Configure VPC peering

You can use VPC Network Peering to let Datastream communicate with resources in your Virtual Private Cloud (VPC) network privately. The VPC Network Peering connection between your VPC network and the Datastream VPC network allows Datastream to connect to:

The VPC Network Peering connection between your VPC network and the Datastream VPC network doesn't let Datastream connect to:

To establish connectivity between Datastream and a resource that's only accessible from your VPC network, you can use a network address translation (NAT) VM in your VPC network. A common use case for a NAT VM is when Datastream needs to connect to a Cloud SQL instance.

This page describes an example NAT VM configuration that lets Datastream privately connect to a Cloud SQL instance.

Datastream user flow diagram

VPC peering prerequisites

Before you create a private connectivity configuration, you need to take the following steps so that Datastream can create the VPC peering connection to your project:

  • Have a VPC network that can peer to Datastream's private network and that meets the requirements described in the VPC Network Peering page. For more information about creating this network, see Using VPC Network Peering.
  • Identify an available IP range (with a CIDR block of /29) on the VPC network. This can't be an IP range that already exists as a subnet, a private services access pre-allocated IP range, or any route (other than the default 0.0.0.0 route) that includes the IP range. Datastream uses this IP range to create a subnet so that it can communicate with the source database. The following table describes valid IP ranges.
Range Description
10.0.0.0/8
172.16.0.0/12
192.168.0.0/16
Private IP addresses RFC 1918
100.64.0.0/10 Shared address space RFC 6598
192.0.0.0/24 IETF protocol assignments RFC 6890
192.0.2.0/24 (TEST-NET-1)
198.51.100.0/24 (TEST-NET-2)
203.0.113.0/24 (TEST-NET-3)
Documentation RFC 5737
192.88.99.0/24 IPv6 to IPv4 relay (deprecated) RFC 7526
198.18.0.0/15 Benchmark testing RFC 2544
  • Verify that Google Cloud and the on-premises firewall allow traffic from the selected IP range.

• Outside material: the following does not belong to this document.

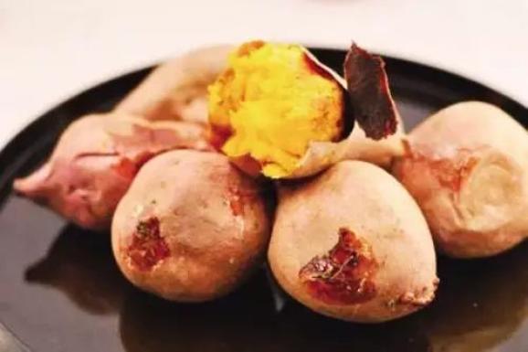 红薯淀粉少,吃起来香甜、柔软、不噎人,因为含水量和含糖量都比较高,比较适合烤着吃 。

If they don't, then create an ingress firewall rule that allows traffic on the source database port, and make sure that the IPv4 address range in the firewall rule is the same as the IP address range allocated when creating the private connectivity resource:

    gcloud compute firewall-rules create FIREWALL-RULE-NAME \
      --direction=INGRESS \
      --priority=PRIORITY \
      --network=PRIVATE_CONNECTIVITY_VPC \
      --project=VPC_PROJECT \
      --action=ALLOW \
      --rules=FIREWALL_RULES \
      --source-ranges=IP-RANGE
      

    Replace the following:

    • FIREWALL-RULE-NAME: The name of the firewall rule to create.
    • PRIORITY: The priority for the rule, expressed as an integer between 0 and 65535, inclusive. The value needs to be lower than the value set for the block traffic rule, if it exists. Lower priority values imply higher precedence.
    • PRIVATE_CONNECTIVITY_VPC: The VPC network that can peer to the Datastream private network and that meets the requirements described in the VPC Network Peering page. This is the VPC you specify when you create your private connectivity configuration.
    • VPC_PROJECT: The project of the VPC network.
    • FIREWALL_RULES: The list of protocols and ports to which the firewall rule applies, for example tcp:80. The rule needs to allow TCP traffic to the IP address and the port of the source database, or of the proxy. Because private connectivity can support multiple databases, the rule needs to consider the actual usage of your configuration.
    • IP-RANGE: The range of IP addresses that Datastream uses to communicate with the source database. This is the same range you indicate in the Allocate an IP range field when you create your private connectivity configuration.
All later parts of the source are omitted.